Energy Storage Company Directory


eSionic and ZettaCore mysteries solved

Sometimes you feel really pleased with yourself for the smallest thing… What happened to ZettaCore, and what does full-stealth energy storage company eSionic do?  I think I know.

There are two mysteries here. One of them is the sudden and quiet disappearance around 2011 of ZettaCore ( engineered molecules technology focused on memory chips) after over 10 years of existence and over $40M in funding. The other one is the sudden and quiet appearance of a super-stealth energy storage company named eSionic (“proprietary molecular systems” technology, focused on energy storage) in 2012 in the Kleiner Perkins portfolio. Here is the story.

ZettaCore was a well-funded startup, founded in 1999, which received three funding rounds through 2009, gathering a total of $44M. ZettaCore picked up $5.5M in its first round, from Access Ventures, Garrett Capital, Stanford University, Draper Fisher Jurvetson, Radius Ventures, and Oxford Biosciences. It then obtained $17.5M from its second round, led by Kleiner Perkins.
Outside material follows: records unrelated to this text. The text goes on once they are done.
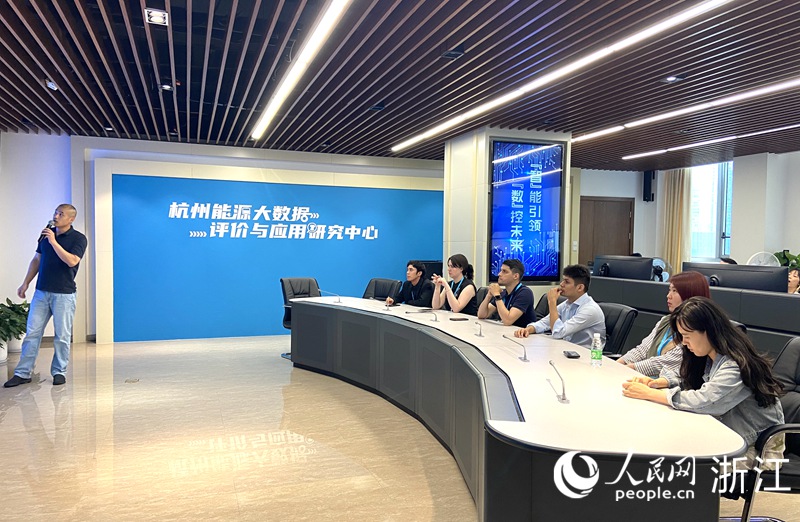 Members of the“Hello, Carbon Neutrality" research group listen to the introduction to "Hangzhou dual carbon digital intelligent platform" in the Hangzhou Energy Big Data Evaluation and Application Research Center. (People’s Daily Online/Fang Pengyimeng)
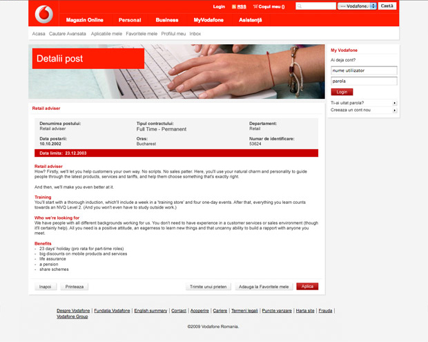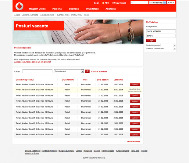 We conceived the usability and design for the human resources management tool used by Vodafone Romania for job advertising and recruitment activities within the company.
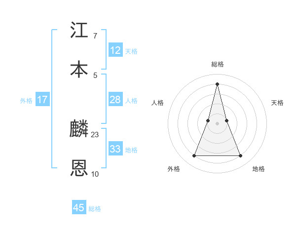 江本 麟恩さんの総格は45画の4点!
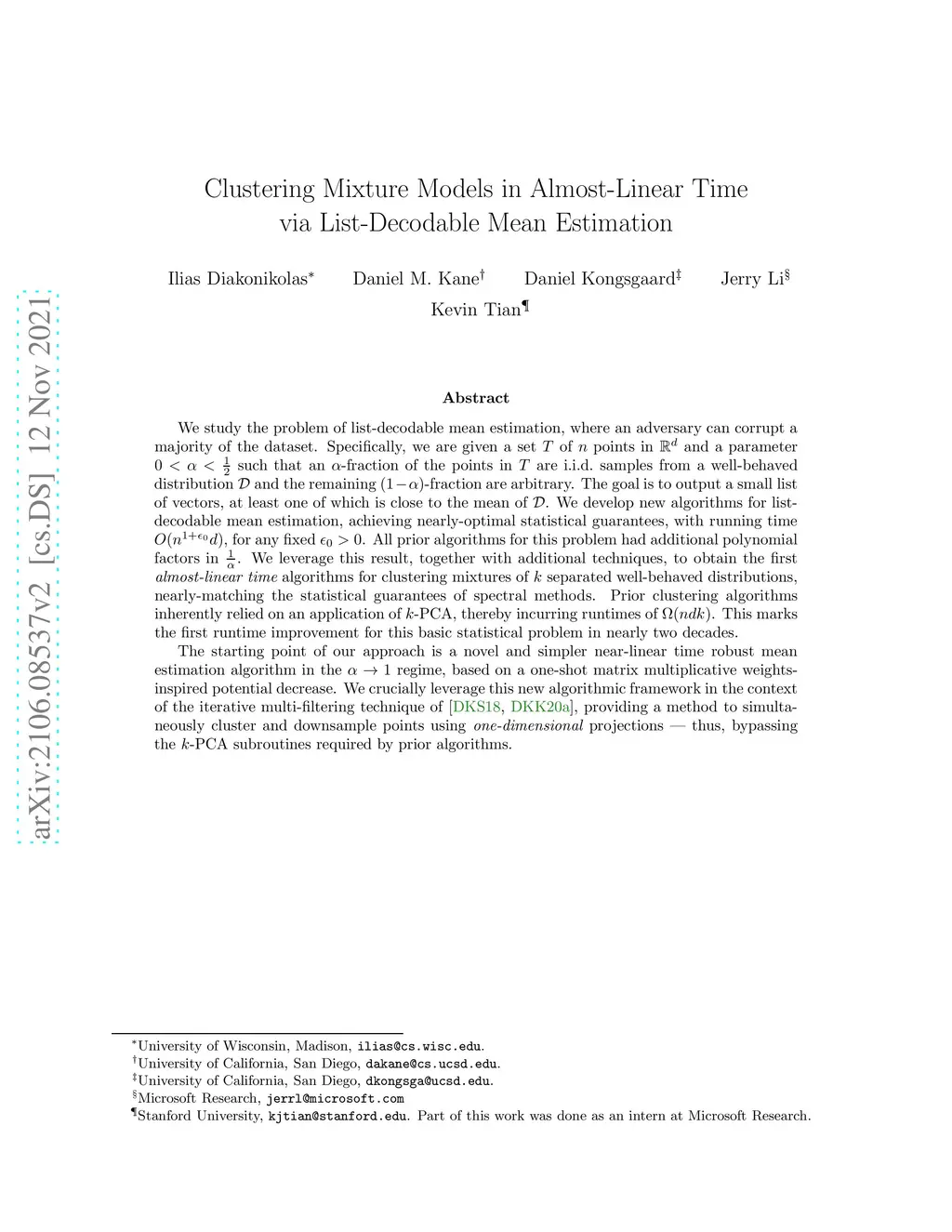 Clustering Mixture Models in Almost-Linear Time via List-Decodable Mean

A $21M third round in 2009 added Panasonic Ventures, Globis Capital Partners, Itochu Technology Ventures, Yasuda Enterprise Development, and Epic Ventures to the investors’ list (GigaOm listed a total of $75M over three rounds, but I think it is an error unless the second round somehow got longer after it closed, as I could only track the amounts listed above).

ZettaCore’s core technology was engineered molecules, multi-porphyrin nanostructures functioning as capacitors. ZettaCore focused its original application  on molecular memory (here is an excellent explanation of its process in 2005, by its VP Manufacturing at the time, Ritu Shrivastava). But, by 2009 (their third round), it looked like their original bet on memory was getting long in the tooth, and, at the time, Zettacore started to mention heat storage liquids for CSP (Concentrating Solar Power) as a possible future application.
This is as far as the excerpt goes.